Leading Indicators — Measuring Progress When the Outcome Is 15 Years Away
When a system fix takes 10–15 years to show results in the final outcome, decision-makers need earlier evidence that the intervention is working. This page introduces a six-step method for designing leading indicators — intermediate metrics that are causally connected to the long-term outcome and visible within two to three years. The method is grounded in Deming’s “Production viewed as a system,” Weiss’s Theory of Change, and Joiner’s levels of fix. The central question: if the outcome is 15 years away, what honest evidence of progress can you measure in year two?
- Design leading indicators that are causally connected to the long-term outcome — not vanity metrics.
- Understand why the right metric shifts as a programme matures along its causal chain.
- Recognise a missing change point as a diagnostic finding, not just a disappointment.
- Apply the six-step causal chain method to any long-lead-time system — NHS, education, sport, policy.
SFA — Scottish Football Association (governing body of football in Scotland, based at Hampden Park, Glasgow)
SPFL — Scottish Professional Football League (the top four divisions of Scottish club football, from the Premiership to League Two)
CAS — Club Academy Scotland (the SFA’s framework for governing and part-funding youth player development, covering ages 11–19)
UEFA — Union of European Football Associations (governing body for football in Europe; runs the Champions League and European Championship)
CUSUM — Cumulative Sum (the statistical method used in the StepChange Analyzer to detect structural change points in time-series data)

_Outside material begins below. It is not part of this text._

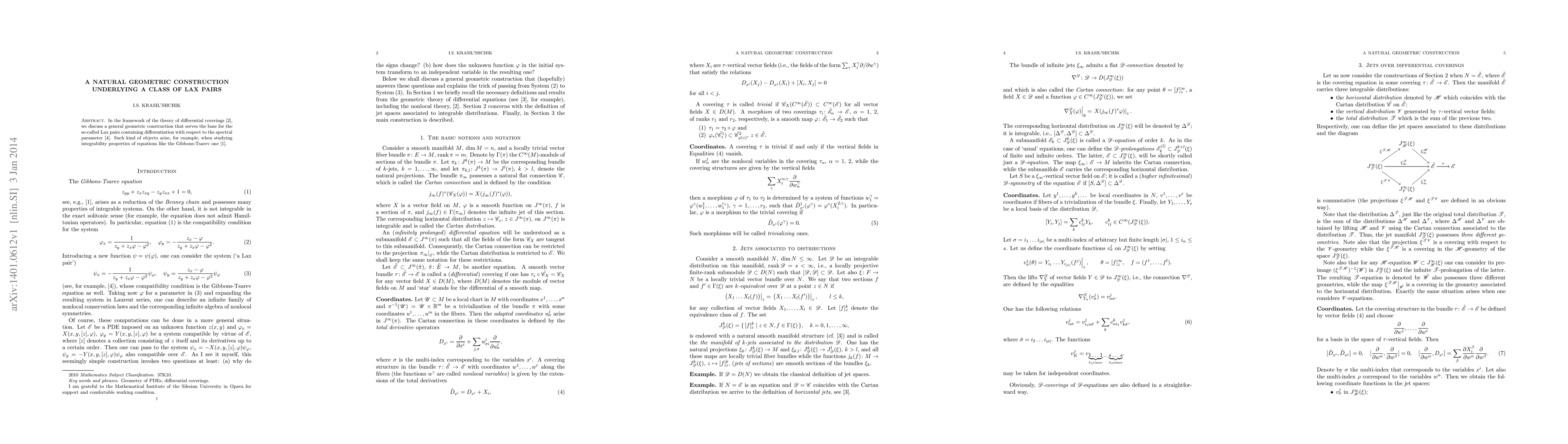 In the framework of the theory of differential coverings \cite{KV}, we discuss a general geometric construction that serves the base for the so-called Lax pairs containing differentiation with respect to the spectral parameter \cite{OS}. Such kind of objects arise, for example, when studying integrability properties of equations like the Gibbons-Tsarev one \cite{GT}.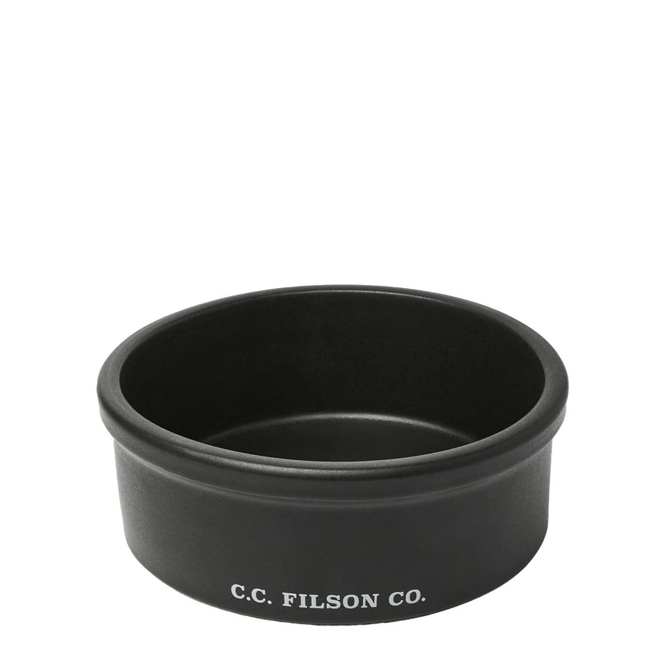 Filson's Stoneware Dog Bowl in black is a beast–built heavy to prevent even most voracious eaters from pushing it around the floor. Custom-made for Filson in Ohio, it’s made of clay that’s kiln-fired at over 2,000°F, with Filson logo graphics and a lead-free glazed finish that prevents moisture absorption. Each bowl will have slight variation in size and shape–no two are exactly alike.

☰ Contents — click to expand
- The problem with long lead times
- The six-step method
- The causal chain — Scottish football
- Vanity metrics vs leading indicators
- The resulting metric set
- The primary metric shifts as time passes
- How StepChange Analysis connects
- Generalising the method
- Proof points — what the evidence actually shows
- Links to the Improvement Model and Types of Measures
- References
1. The problem with long lead times
Most serious improvement problems have long causal chains. The intervention happens now. The outcome appears years — sometimes decades — later. In between, multiple steps must occur in sequence, each one necessary for the next.
This creates a governance problem. Decision-makers are asked to invest today in something that will not be verifiable until they have left office. Without intermediate evidence, the argument for sustained investment collapses into faith — and faith does not survive budget cycles, political pressure, or a poor run of short-term results. The standard response is to reach for the outcome measure — the number that everyone understands, that governance bodies demand, and that cannot move for a decade. That response is a belief as much as a choice: my job is to report the outcome. Joiner called this Level 3 Deep — a mindset that no technical fix can dislodge. The shift required is to a different belief: my job is to understand the system that produces the outcome, and to measure it at each stage. That is what this page is about.
The standard response to the governance problem is to pick metrics that are easy to measure but not causally connected to the outcome: activity counts, participation numbers, money spent. These are vanity metrics. They go up readily without driving the outcome. They give the appearance of progress while the underlying system remains unchanged.
The NHS has measured millions of A&E attendances, GP appointments, and waiting list entries for 25 years. Not one policy intervention in that period is detectable as a structural improvement in StepChange Analysis. The metrics moved. The system did not. — Why Nothing Has Worked
Deming made the same point structurally in 1950. His “Production viewed as a system” diagram — first presented to Japanese engineers in August 1950 and reproduced in Out of the Crisis (1986, p.4) — shows quality flowing from inputs (suppliers A, B, C…) through the production process to the consumer. His conclusion: “Improvement of quality envelops the entire production line, from incoming materials to the consumer.” You cannot improve the output by measuring only the output. The inputs to the system are where improvement is made — and therefore where improvement must be measured. Leading indicators are, in Deming’s terms, the measures of those inputs and the process that transforms them.
The alternative is to design leading indicators: metrics that sit earlier in the causal chain, are measurable within a short window, and genuinely precede and cause the long-term outcome. These are not proxies for success — they are necessary conditions for it.
2. The six-step method
The method works backwards from the desired outcome. It is a simplified application of Theory of Change — formally proposed by Carol Weiss in 1995 and widely used in international development, public health, and social policy precisely because those fields face the same problem: long lead times, multiple causal steps, and decision-makers who need to see progress before the ultimate outcome arrives. Weiss argued that complex programmes are difficult to evaluate because stakeholders give too little attention to the early and mid-term changes — the “mini-steps” — that must happen before a long-term goal can be reached. Making those mini-steps explicit is the method on this page.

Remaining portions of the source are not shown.